## RECORDED DATA
━━━━━━━━━━━━━━━━━━━━

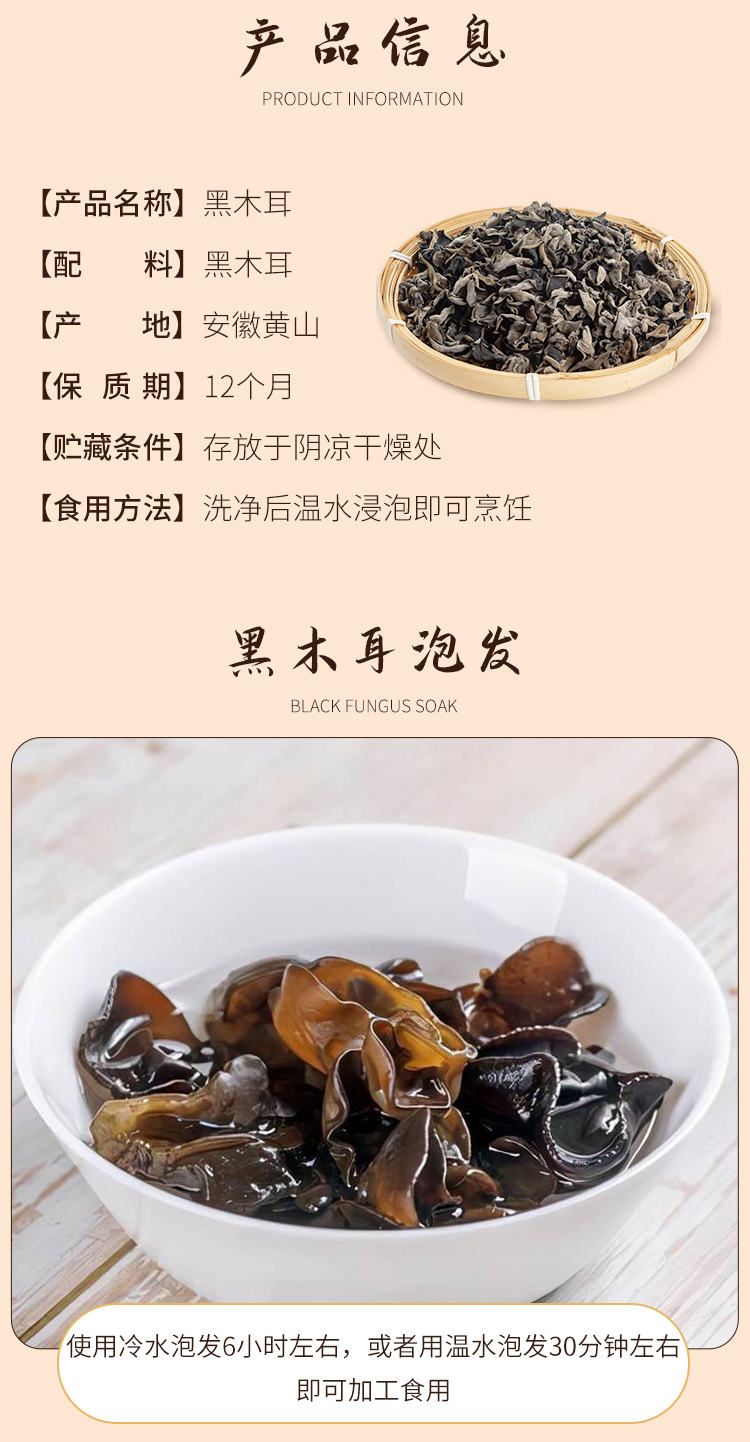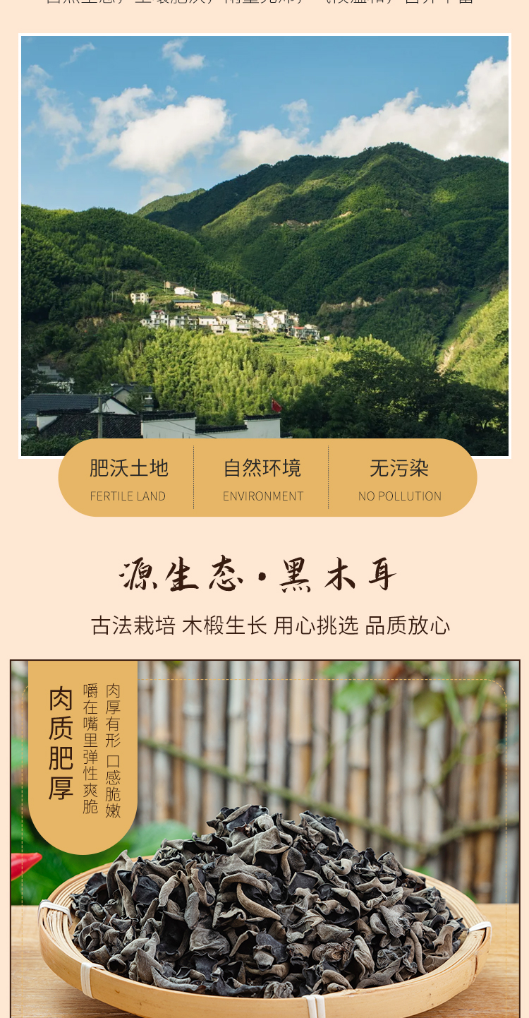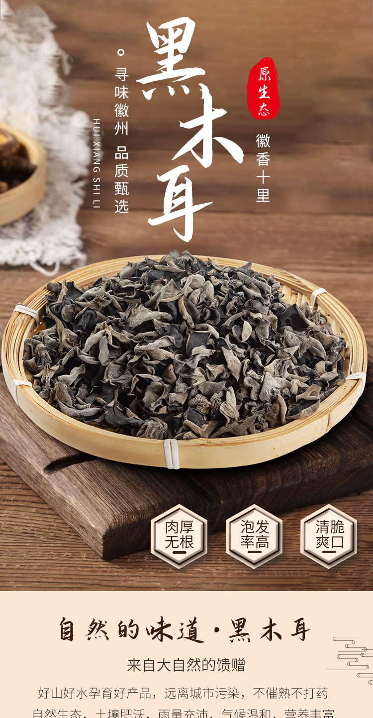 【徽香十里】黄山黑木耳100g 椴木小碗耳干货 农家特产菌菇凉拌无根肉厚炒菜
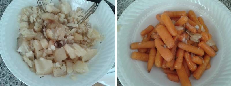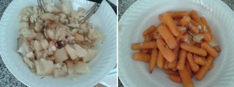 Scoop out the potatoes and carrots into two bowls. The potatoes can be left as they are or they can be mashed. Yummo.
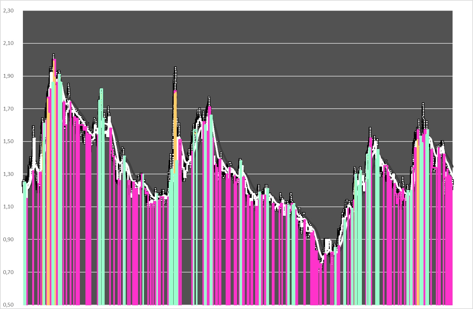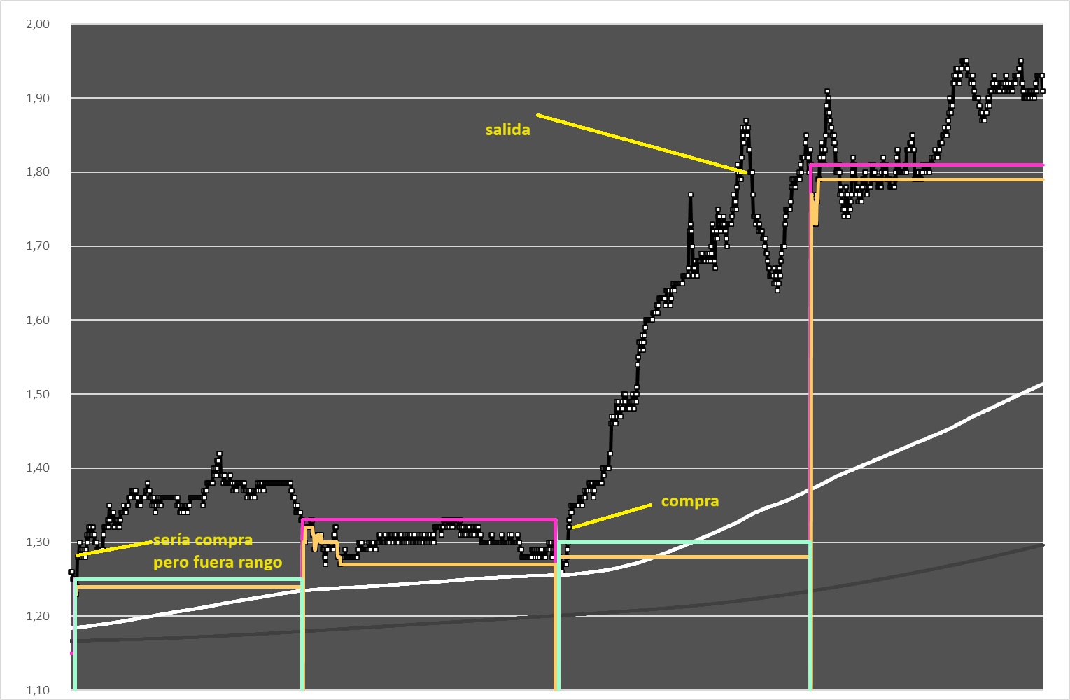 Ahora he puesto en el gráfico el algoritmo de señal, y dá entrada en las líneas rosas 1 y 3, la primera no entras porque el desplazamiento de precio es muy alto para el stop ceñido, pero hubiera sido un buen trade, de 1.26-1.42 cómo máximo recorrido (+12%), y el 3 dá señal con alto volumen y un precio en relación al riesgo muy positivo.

━━━━━━━━━━━━━━━━━━━━

Word for word, copy every line of the data, excluding any pictures.

 【徽香十里】黄山黑木耳100g 椴木小碗耳干货 农家特产菌菇凉拌无根肉厚炒菜
 Scoop out the potatoes and carrots into two bowls. The potatoes can be left as they are or they can be mashed. Yummo.
 Ahora he puesto en el gráfico el algoritmo de señal, y dá entrada en las líneas rosas 1 y 3, la primera no entras porque el desplazamiento de precio es muy alto para el stop ceñido, pero hubiera sido un buen trade, de 1.26-1.42 cómo máximo recorrido (+12%), y el 3 dá señal con alto volumen y un precio en relación al riesgo muy positivo.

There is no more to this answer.